The story of her parents’ marriage in chapter two is engaging and thought-provoking; however, other aspects of this chapter are dry and academic.   There is also a sharp contrast between the description of her parents’ Sikh wedding and what might easily be the text of a general survey course in psychology.   One heavily academic sentence contains 65 words.

The reader must employ perseverance in wading through Dr. Iyengar’s expansive discussion of the concept of the cultural differences between socialism and capitalism as they relate to choice.   Her notion of striving “for a metaphorical multilingualism” takes on a note of proselytizing that seems out of sync for a book that purports to be about making informed personal choices.   There is a disconnect between the colloquial and academic voices that Dr. Iyengar uses as she brings the reader along on her journey of exploring the concept of choice.

By the fourth chapter the book settles into a pleasant, advice-giving counselor’s voice.   There are well-related concepts and suggestions for making personal choices.   While these helpful hints are supported using psychological terms, Dr. Iyengar brings in popular references to illustrate her points such as the television show “Lie to Me” and the rental of movies using Netflix.

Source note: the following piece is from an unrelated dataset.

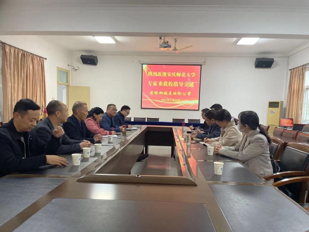 11月14日下午,太阳集团tyc234cc教务处副处长张海、校实习实践中心主任宛金龙、太阳成集团tyc234cc副院长易明芳、实习指导老师张丽霞、江燕燕、教学办公室孙建成老师一行到桐城吴汝纶公学进行师范生教育实习调研。桐城吴汝纶公学董事长、校长丁九香、党支部书记李雪磊、副校长陈顺支、高中部部长陶方舟、人力资源部主任桂再进、高二年级主任陈先益热情接待了易明芳一行。

The seventh and final chapter brings the matter of choice down to the most personal aspect, that of making medical and other unpleasant decisions.   It is here that the reader is fully engaged via role-playing scenarios concerning life and death.   The concepts of worth and value are well developed and they lead the reader to the inevitable conclusion that choice involves price and responsibility.   Clearly, there is no surefire solution to the challenge of making a selection given the wide array of choices available today, whether it is among the many breakfast cereals in the supermarket or in deciding which path to take in life.

The Art of Choosing illustrates several approaches to making sense of the puzzle of life that so many authors and readers find challenging.   This book does a good job of providing an overall survey of the topic and, although a bit disjointed, provides the reader with food for thought.   However, if this reviewer were asked to choose which book someone with an interest in the subject should purchase, it would be How We Decide.   Author Jonah Lehrer begins each chapter with a compelling vignette that illustrates the aspect of decision-making being addressed.   His writing style is smooth, authoritative and entertaining.

How We Decide by Jonah Lehrer is well recommended.

Ruta Arellano

 The Art of Choosing is available from Twelve Books and in audiobook form from Hachette Audio.   How We Decide is available in trade paperback (Mariner Books, $14.95, 320 pages) and as a Kindle Edition and Nook Book download.